Friday, 24 April 2009

Transhumance and vultures

The role of traditional farming practices in ecosystem conservation: The case of transhumance and vultures
Pedro P. Oleaa, , and Patricia Mateo-Tomásb,

Transhumance is a traditional livestock practice based on the movement of livestock between winter and summer pastures with importance placed on biodiversity conservation. We analyzed the transhumant activity of sheep and cows in the uplands of the Cantabrian Mountains, NW Spain, and its influence on the ecology and management of the griffon vulture, a scavenger with a relevant ecosystem function. For the first time, we provided strong evidence of the close relationship between vultures and transhumance, which was previously only suggested. Vultures occupied roosting sites very close to the summer pastures and often consumed livestock carcasses. There was a strong spatiotemporal adjustment in the use of these mountain areas by transhumant livestock, especially sheep, and vultures. The number of transhumant sheep and cows within 10–12.5 km around the roosts were the best predictors of vulture occurrence and abundance, respectively, in generalized linear mixed models. Our estimates of potentially available food from livestock carcasses for vultures indicated that our study area can maintain important griffon vulture populations through a system based on traditional livestock farming including transhumance.
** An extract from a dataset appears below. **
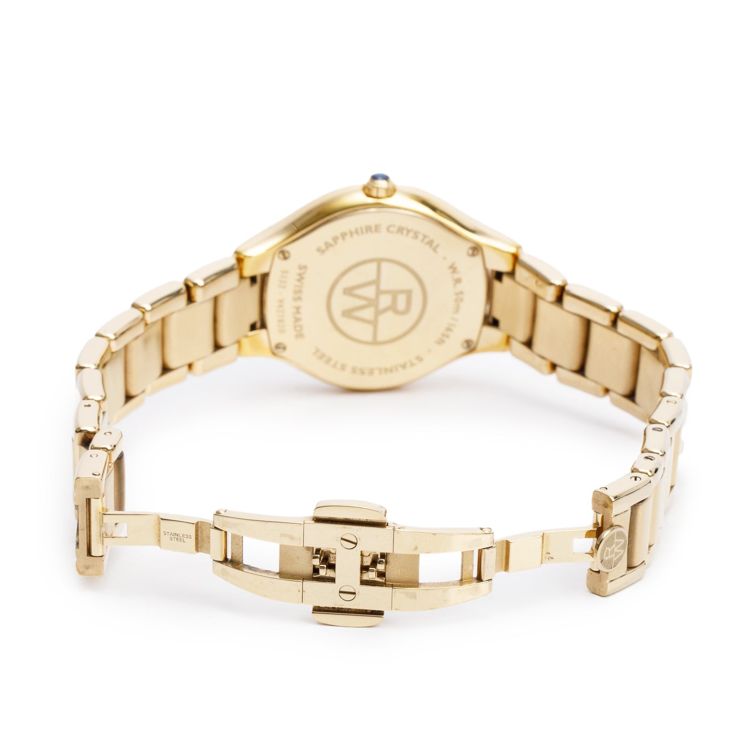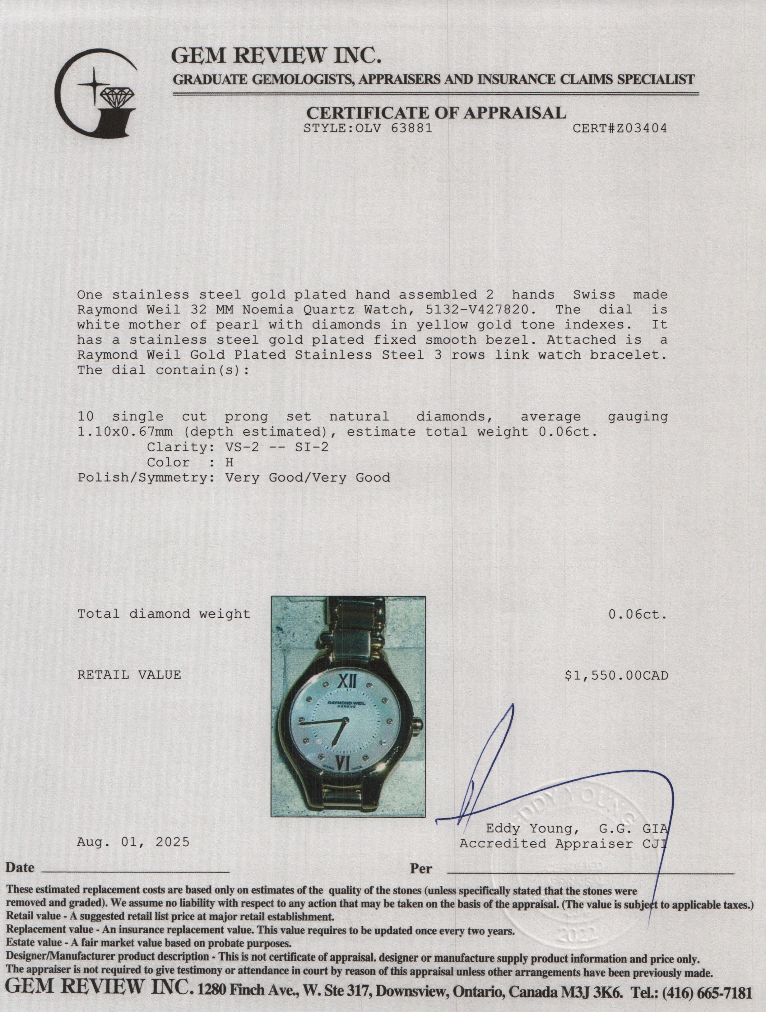 Gold Plated Stainless Steel 32 MM Noemia Quartz Watch Mother of Pearl Diamond Dial 5132 w/ Box & Papers
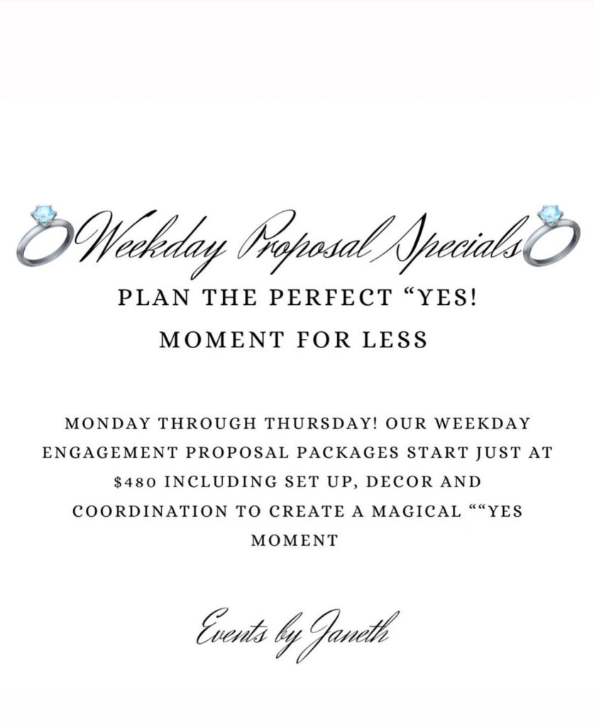 Enjoy exclusive weekday pricing on our unforgettable engagement proposal experiences.

Thus, transhumance is able to influence the top of the ecosystem (scavengers) and could aid in sustainable management of griffon vulture populations. In our study area, transhumant sheep were reduced by 62% in the last 15 years and only 20% of summer pastures are now occupied. The potential impact that the ongoing loss of transhumant activity could have on mountain ecosystem conservation should be assessed and taken into account by the new European Common Agricultural Policy.